Juliette acaba autorizando a operação. É um momento importante porque ela passou a série inteira enfrentando autoridades que justificavam atrocidades dizendo que eram necessárias para salvar o Silo. Agora está perigosamente perto de usar exatamente o mesmo argumento.

A explosão só é abortada quando Kennedy reaparece no rádio e Juliette percebe que a missão ao Silo 17 talvez ainda tenha funcionado. Ela ganha tempo antes de cruzar uma linha da qual talvez não pudesse voltar.

Enquanto isso, Camille e Robert Sims finalmente deixam de estar apenas em crise conjugal e passam a representar visões de mundo opostas. Os dois acreditam estar protegendo Anthony, mas Camille entende sobrevivência como obediência ao sistema, enquanto Robert começa a perceber que sobreviver sem memória talvez não seja exatamente viver.

E é aí que o Pez que ele guarda para o filho passa a ter um significado ainda mais bonito e assustador. Em um mundo no qual uma droga pode apagar até o reconhecimento entre mãe, pai e filho, um pequeno objeto vira uma âncora. Uma lembrança dizendo: você me conhecia antes de alguém mandar você me esquecer.

O episódio ainda traz outra revelação importante. Knox começa a desconfiar da versão oficial sobre a morte do pai e descobre que pode estar certo. Tudo indica que seu pai não morreu e que outra pessoa foi enterrada em seu lugar depois que ele construiu alguma coisa para Ed Harwood, que teria ajudado a forjar sua morte.

Ainda não sabemos o que ele construiu nem onde está, mas é difícil imaginar que essa história seja pequena. Ao mesmo tempo, Billings e Hank continuam investigando a morte de Orla e as movimentações de Glenda, enquanto Harwood parece cada vez mais envolvido numa rede clandestina que funciona paralelamente às estruturas oficiais do Silo.

Mas, mesmo com tudo isso acontecendo no presente, “Radio” termina pertencendo ao passado.

Helen e Daniel olham para baixo e veem uma máquina gigantesca perfurando a terra. Depois de três temporadas tentando subir, escapar, descobrir o que existe do lado de fora e entender por que milhares de pessoas foram enterradas vivas dentro de estruturas subterrâneas, Silo finalmente nos mostra o movimento contrário.

Alguém começou a cavar.

Alguém decidiu que 51 silos seriam necessários. Alguém desenvolveu uma tecnologia capaz de interferir na memória. Alguém entregou a uma inteligência artificial poder suficiente para decidir quando uma população deveria esquecer — ou morrer.

Ainda não sabemos exatamente o que aconteceu com o mundo para justificar tudo isso. Também não sabemos se os silos foram realmente criados apenas para sobreviver a uma catástrofe ou se seus próprios criadores tiveram alguma participação no que tornou o mundo inabitável.

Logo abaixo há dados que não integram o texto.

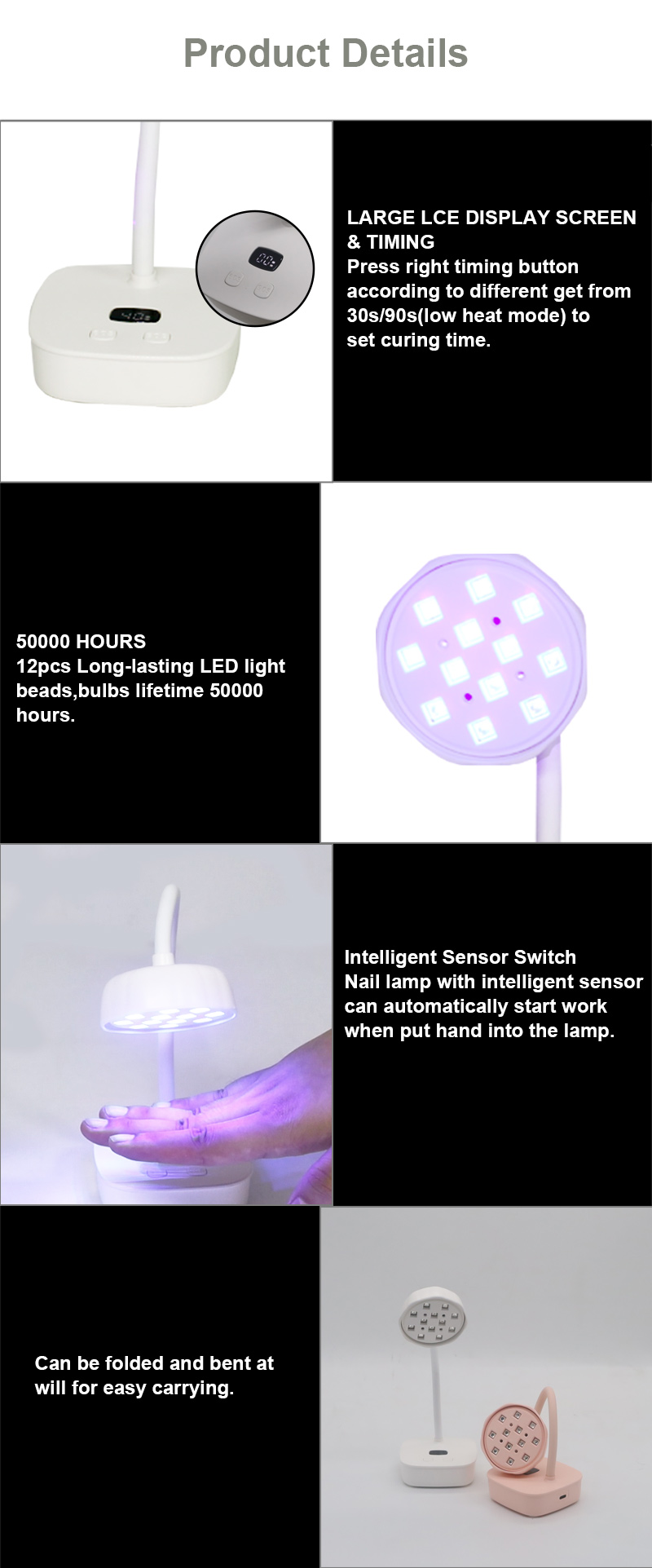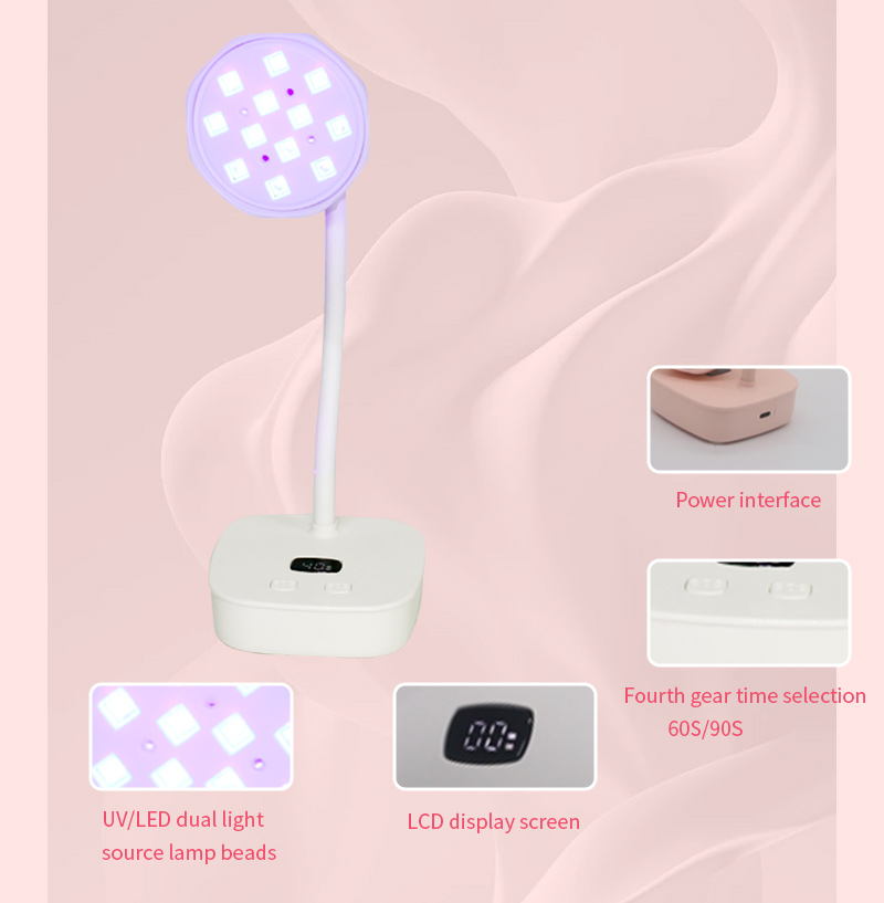 Produktet sikrer jevn limtørking uten krymping. De doble lyskildene gir skånsom oppvarming for å forhindre misfarging av hender og belastning på øynene, egnet for både hender og føtter, og gir bemerkelsesverdig raskt tørkende resultater.

Mas agora conhecemos algumas das pessoas que estavam ali quando o futuro começou a ser desenhado.

É por isso que o passado está funcionando tão bem nesta temporada. No presente, Juliette tenta descobrir como destruir a máquina. No passado, Daniel e Helen estavam conhecendo as pessoas que decidiram construí-la.

E toda vez que a série corta deles para voltar ao Silo 18, por mais que eu ame Juliette, minha reação já é automática: volta.